Does the label 'queer' resonate or offend?

Queer is a reclaimed term for some and an active slur for others, and both responses are valid. Whether the label resonates or offends depends on who you ask, what their history with the word is, and how it’s being used.

This post brings together how the Kalda community feels about queer, what its history looks like, and when (and when not) to use it. All quotes come directly from the Kalda community.

“I use it for myself as I think it encapsulates my vibe and identity, but understand that it’s been a weapon against many in the LGBTQ+ community so not everyone is comfortable with it. So try not to umbrella-term everyone in it. I own it for me.”

Where does the word queer come from?

The word predates its use as a slur. “Queer as a 9 bob note” was a common idiom. Queer has always signified something different, or outside of normal conventions.

It became a slur primarily as an insult against gay men, then expanded outwards to cover the broader LGBTQIA+ community. That use has continued for decades, and for many people the word still lands as violence.

“I like it for myself, but I don’t like it when people use it to refer to LGBTQIA+ people as a whole. For many it is still a slur (especially the older generations) and to use it alienates them.”

Is queer reclaimed or still a slur?

Both. Queer is genuinely divisive within the LGBTQIA+ community.

Some people remember the word as it was used against them and feel it doesn’t represent them at all. Others have embraced its history as a slur and reclaimed it as a way of refusing conventional norms. The DJ collective Queer House Party, for example, wears the label with pride and uses it to signal accessible, radical, community-led spaces.

Neither response is the right or wrong way to use the word. They’re both responses to the same complicated history.

There’s an important nuance in how reclaiming works:

“Reclaiming a slur is a deeply personal thing. Individuals can reclaim a slur, but communities cannot, so claiming that it’s been ‘reclaimed by the community’ is both false and offensive.”

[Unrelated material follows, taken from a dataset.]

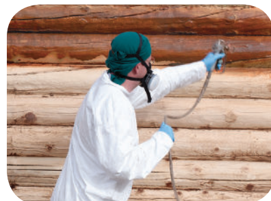
Spray on stain using a *Graco® 515 or 313 tip or equivalent.

Apply a borate wood preservative and insecticide, such as PeneTreat®, according to instructions.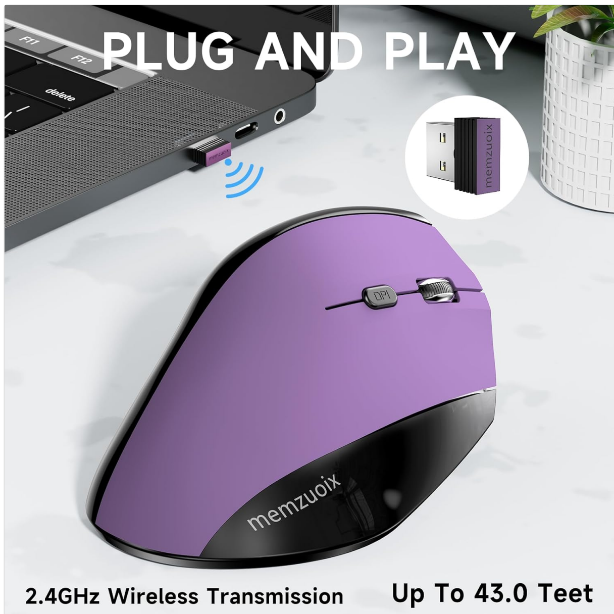
Image: The memzuoix vertical mouse positioned next to a laptop, with its USB receiver clearly shown plugged into a USB port, demonstrating the plug-and-play setup.

A person reclaiming a word for themselves doesn’t reclaim it for everyone. Each person decides for themselves.

Why don’t people want queer used as a catch-all?

What is the “queer community,” exactly? Does it cover people who identify as queer, but not those who don’t? Does it cover people who dress outside the norm but are straight? Drag queens and kings? People who are closeted?

Queer cannot stand in for LGBTQIA+ as a category. There are people who are lesbian, gay, bisexual, trans, questioning, intersex, or asexual who don’t identify as queer, and using queer as an umbrella label erases them.

This matters a lot when organisations or marketing teams reach for a shorter, punchier word than LGBTQIA+. The shortcut comes at a real cost:

“I dislike it intensely when non-LGBTQIA+ people, orgs, or companies use it. It actually makes me want to avoid them.”

The community is diverse, and trying to fit every person into a single box is the last thing you should be doing. Each subset has its own language, slang, and context. If you want to write or speak in a way that appeals to the community at large, be careful with your language. Or ask.

How does the Kalda community feel about the word?

We asked, and the responses cover the full spectrum:

“It is a slur, and for myself I’ve always ended up reclaiming words and throwing them back out there as something positive. But that doesn’t mean I would use it for someone else unless they asked me to, and I wouldn’t use it for the whole community.”

“I use it for myself. It feels like it’s become synonymous with LGBTI but it’s a lot shorter… and its original meaning, ‘sort or peculiar’ (I think), also resonates with me.”

“I like it as a descriptive term for my sexuality, gender identity (I much prefer the term ‘genderqueer’ to ‘non-binary’, I actually kinda hate nb as it defines my identity by what I’m not rather than what I am), and general identity.”

“Queer is the best and only term I have found that embodies all the aspects of my relational, political, sexual and romantic identities. It is, for me, a radical identity.”

“I identify as queer. To me, it’s freedom. I’ve shared the word with many young and questioning people, who have found comfort in it.”

“I think to accept that queer is not synonymous with LGBT should mean to acknowledge that its meaning is in fact broader than that.”

“If someone identifies themselves as queer, of course I will refer to them as such. I’m not here to dictate how people identify. But I find it really quite offensive and triggering when people refer to me as queer due to my experiences of that word used in a violent context.”

So how should I use the word?

In short: ask.

If you identify as queer yourself, the word is yours. If you don’t, treat it like personal pronouns. Don’t assume. Use queer to describe people who have told you that’s how they identify; default to other language for people who haven’t.

The word is still used as a slur, and it still stings. Asking is a small thing that makes a real difference.